PETA, following the emergence of their spoof-game Super Tanooki Skin 2 earlier this week, have stated that their lumping together of Mario and animal brutality was all just a bit of tongue-in-cheek fun to help raise the awareness of the real-life tanuki's plight.
'Mario fans: Relax! PETA's game was meant to be tongue-in-cheek, a fun way to call attention to a serious issue, that raccoon dogs are skinned alive for their fur,' explained Shakira Croce, PETA's media coordinator. 'We wish real-life tanukis could fly or swat enemies away with their tails and escape from those who profit from their skins. You can help them by never buying real fur.'
Ashley Palmer, a spokesperson for PETA, said that the organisation was taken aback by the literal interpretations of the spoof, issuing a clear explanation no doubt in response to some of the more vitriolic receptions their campaign has received in some corners of the internet.
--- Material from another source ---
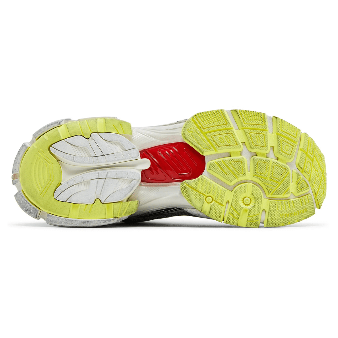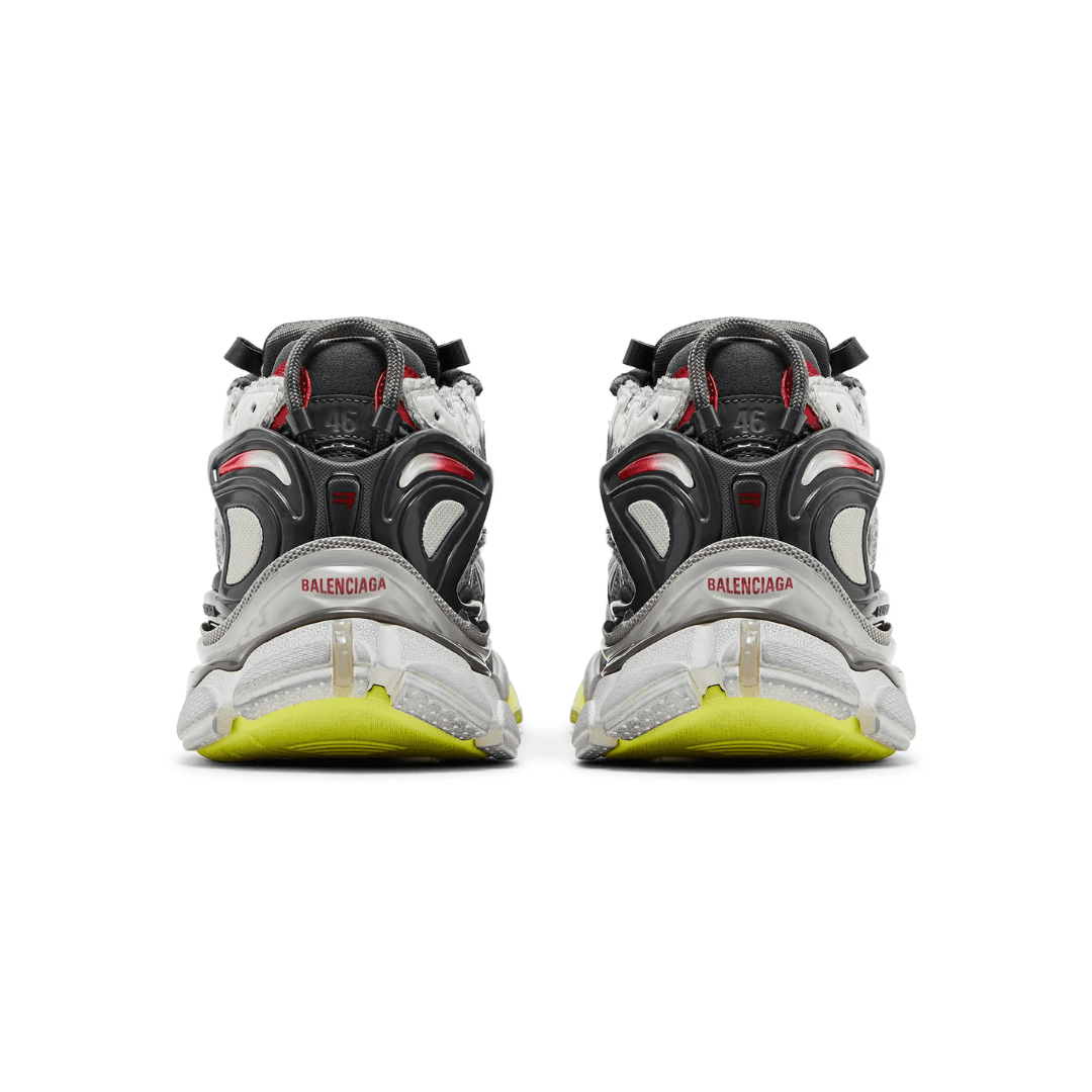 The Balenciaga Runner blends performance heritage with avant-garde design. Featuring layered mesh and synthetic panels in black, white, red, and fluorescent yellow, the sneaker showcases a distressed, hand-finished look with a sculpted sole and exaggerated proportions — a bold reinterpretation of vintage running silhouettes.
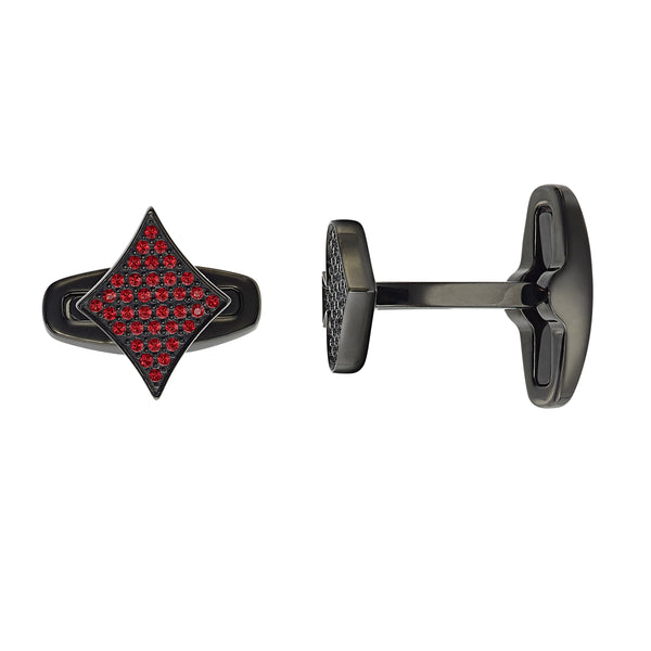 Spela ett vinnande stildrag den här säsongen med detta trendiga par asymmetriska manschettknappar i svart PVD, som passar in i vår Tarot Magic-familj. Inspirerade av spelkort visar de upp en röd kristallutsmyckad diamantsymbol och ett glittrande svart klubbmotiv. En ess...

'No one really believes that Mario actually kills and skins a raccoon dog for his fur in Super Mario 3D Land,' said PETA spokesperson Ashley Palmer, talking with Kotaku. 'Our spoof is simply making a serious point: that there is a much darker story behind tanuki skins than Mario lets on. In games like Call of Duty, where characters shoot and kill animals, or in Dog Wars, where players have fun fighting and torturing dogs, it sends a dangerous message that this kind of behavior is acceptable.
'We know how beloved Mario is-we are huge Mario fans ourselves! We were a little surprised that the game was taken so literally by some, but we're thrilled that we're able to bring so much attention to raccoon dogs whose suffering is very real.'
A quarter of a million people played the spoof title in the first 36 hours, apparently, which is pretty good going. Congratulations PETA, upon manipulating our industry so effortlessly. Well played, well played indeed.